Мои слова лишают его самообладания. Он заливается краской. На какой-то миг его лицо искажает злость. Я наблюдаю и делаю выводы. До этого я встречался с ним дважды. Один раз в библиотеке, второй – в разгромленном жилище убитого. Либо Симеон наделен прискорбной способностью оказываться не в том месте не в то время, либо он виноват, как Ромул.
– Мне подумалось, ты мог бы пойти и встретиться сегодня с епископом Евсевием.
– Мог бы, – соглашаюсь я. Почему он говорит это? Чтобы перевести подозрения с себя на другого человека? – Ты сказал, что епископ не способен на такое.
– Я могу помочь тебе с ним.
– Разве я нуждаюсь в помощи?
– Разве ты знаешь, где его искать?
Наш словесный поединок меня смешит, хотя мой смех заставляет Симеона съежиться от гнева. Он очень непонятлив: Константинополь еще не превратил его манеры в острое оружие, которое мы выковываем, набираясь жизненного опыта. Жаль, если мне придется обвинить его в убийстве.
На мой взгляд, самое трудное в поисках епископа Евсевия – разглядеть этого человека в окружающей толпе. Он бывает в церкви, которую Константин возвел рядом со своим дворцом на дальнем мысе полуострова. В приступе благодушия или же принимая желаемое за действительное, Константин посвятил эту церковь Священному Миру.
От моего дома до церкви недалеко, но жара дает о себе знать. Пока я туда добирался, я сильно вспотел, лицо испачкалось налипшей пылью. Флаги на домах изредка подрагивают при слабом дуновении ветра со стороны моря. Константинополь – это, по сути, два города: город, который уже существует, и город, который все еще растет. Город живых – это город торговцев и посетителей бань; адвокатов и их клиентов, спешащих в суды; женщин и детей, стоящих в очереди в ожидании раздачи зерна. Силуэт будущего города вырисовывается на горизонте. Его приближение слышится в стуке инструментов, отчего порой кажется, что из-за холма вот-вот покажется шагающий строй. Пока мы живем в одном городе, вокруг нас постепенно принимает очертания и растет город новый.

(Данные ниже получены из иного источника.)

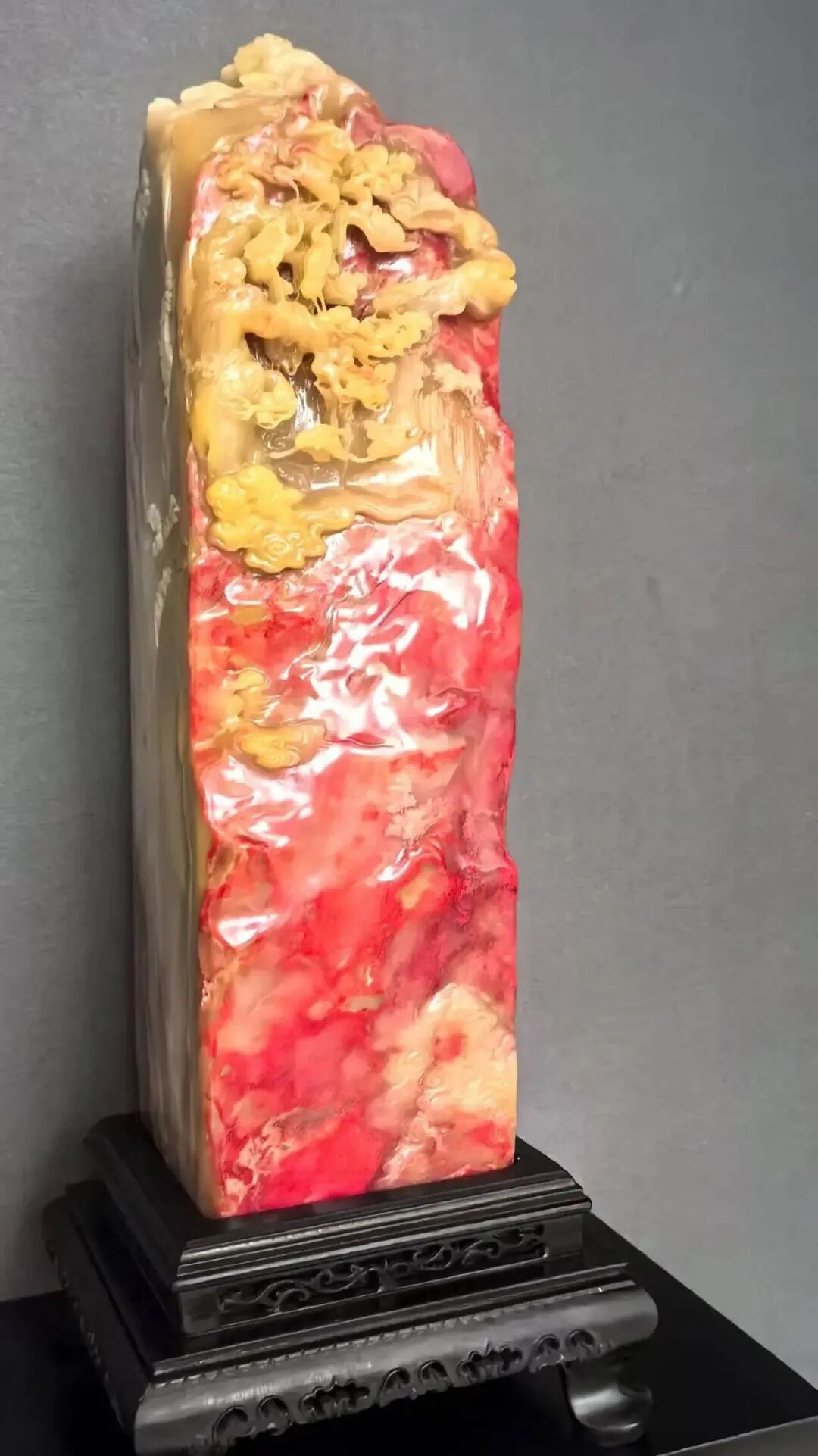 创作理念:作品石身融福黄温润与鸡血红艳,双色交融自然,石身融福黄温润与鸡血红艳,双色交融自然,既保印章形制规整,又显雕工灵动。责任编辑:孟 曦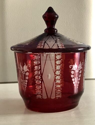 Antik Art Déco EDEL Bonboniere Glas Dose Deckeldose Rubin rot Böhmisch Schliff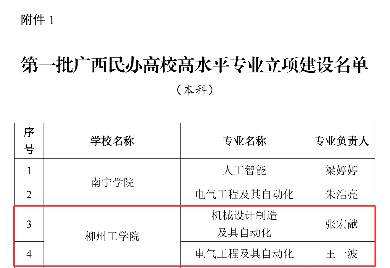 近日,自治区教育厅公布第一批广西民办高校高水平专业建设项目立项名单,我校机械设计制造及其自动化、电气工程及其自动化专业双双入选。这是对我校长期坚持内涵建设与教学改革的高度认可,为2026年学校高质量发展赢得“开门红”。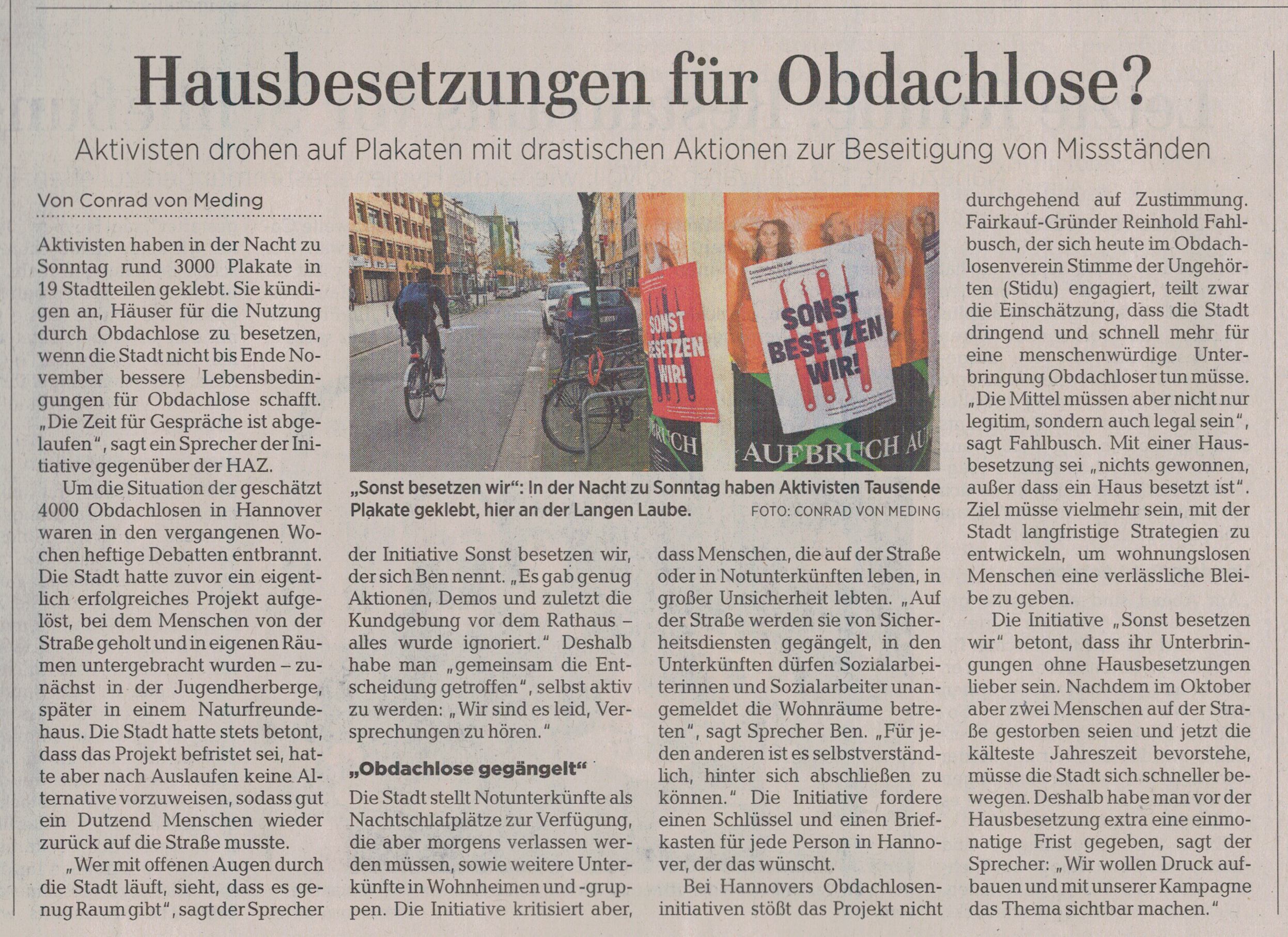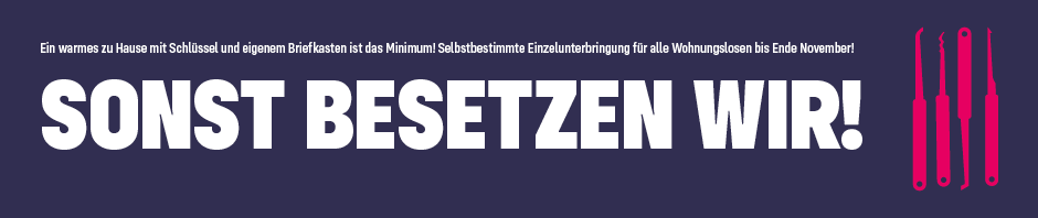 Trotz eines Gesprächsangebotes von Seiten der Besetzer_innen hat die Stadt Hannover sich dem Dialog verweigert und die Häuser räumen lassen. So ist es wieder nicht gelungen, Wohnraum für Wohnungslose zu erkämpfen. Wir sagen aber deutlich: Das ist erst der Anfang. Die Aktivitäten zur Erkämpfung würdiger Unterkünfte haben erst begonnen. Die Stadt Hannover macht sich etwas vor, wenn sie glaubt, sie könne verhindern, dass sich Wohungslose und solidarische Menschen zusammentun. Wir werden nicht tatenlos zusehen, wenn Menschen auf der Straße sterben, weil sie keine Unterkunft finden.

Еще относительно рано, но толпа в храме настолько велика, что даже выплеснулась на площадь. Высокие двери церкви распахнуты. Внутри за мраморной кафедрой стоит человек в расшитых золотом одеждах и что-то вещает. Я не собираюсь переступать порог, однако протискиваюсь сквозь толпу поближе к входу, чтобы разобрать слова. В круглое окно, заливая говорящего золотистым светом, проникают солнечные лучи, отчего кажется, будто они выжигают монограмму прямо у него на лбу. Богато украшенная стена за его спиной отделяет святилище в дальней части храма. Христиане – мастера заинтриговать людей своими таинствами, но лишь посвященным дано узреть, как эти таинства совершаются.